100g farfalle (bow-tie pasta)
1 red-and-purple corn
4-6 baby courgettes
6-8 cherry tomatoes
1 teaspoon extra virgin olive oil
A pinch of mixed dried herbs
50g salted seaweed stems
A handful of almonds
1 teaspoon sesame oil
2 tablespoons soy sauce
2 tablespoons coconut oil
Salt and pepper to taste
First, prepare all the ingredients separately: Cook the bow-tie pasta according to packet instructions till al dente.
Bring a large pot of water to a boil. Add the corn, baby courgettes and edamame pods. Let it boil for five minutes till cooked, then drain and aside. Once cool, slice the corn kernels off the cob using a sharp knife. Slice the baby courgettes into discs. Remove the edamame beans from their pods.
Marinate the cherry tomatoes in a mix of the olive oil and dried herbs.
Soak the salted seaweed stems in cold water for 15 minutes before draining to remove the excess salt.

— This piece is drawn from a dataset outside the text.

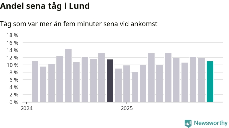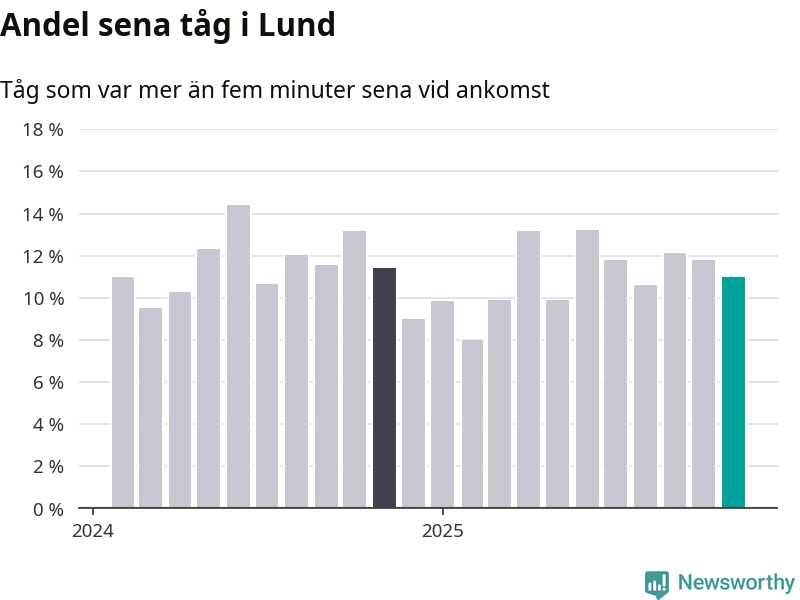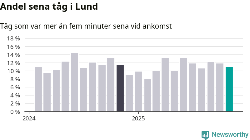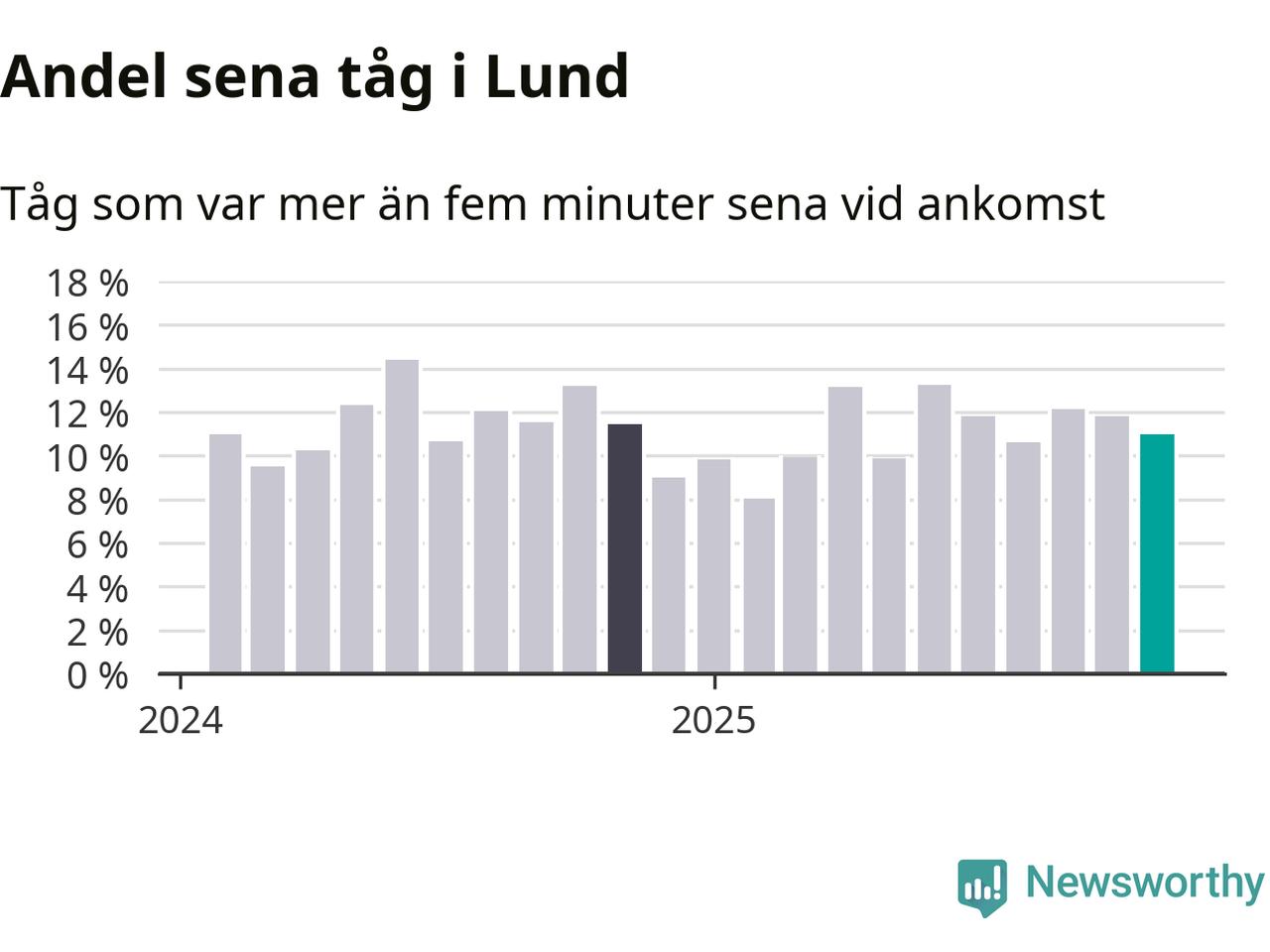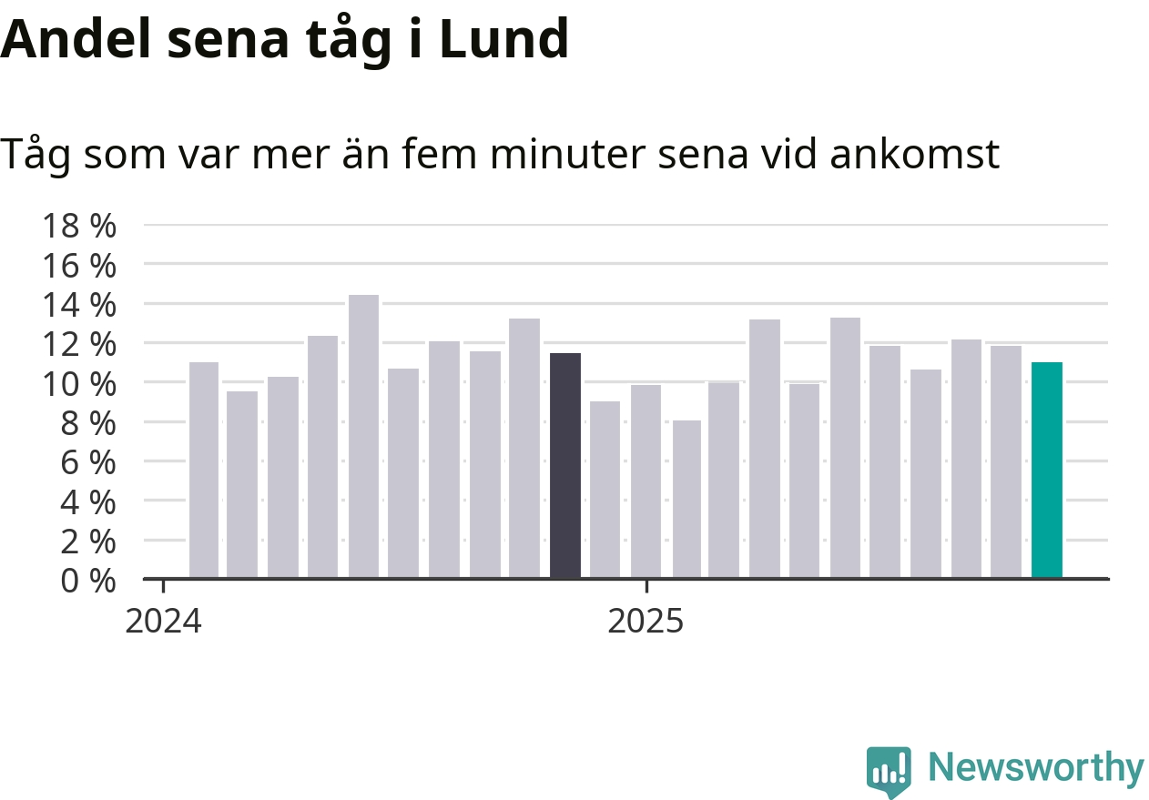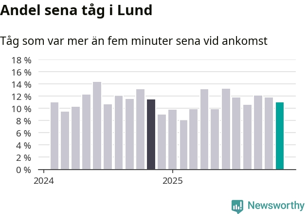 Elva procent kan jämföras med tolv procent månaden innan, och elva procent i november 2024. Siffrorna bygger på realtidsinformation om tågavgångar och ankomster från Trafikverket, som Newsworthy löpande samlar in.

Chill all the above ingredients for at least two hours in the refrigerator.
Toast the almonds. Set aside to cool for a few minutes before slicing into flakes.
Mix the sesame oil, soy sauce, coconut oil, salt and black pepper to create the dressing. Toss the chilled ingredients with the dressing and garnish with the almond flakes.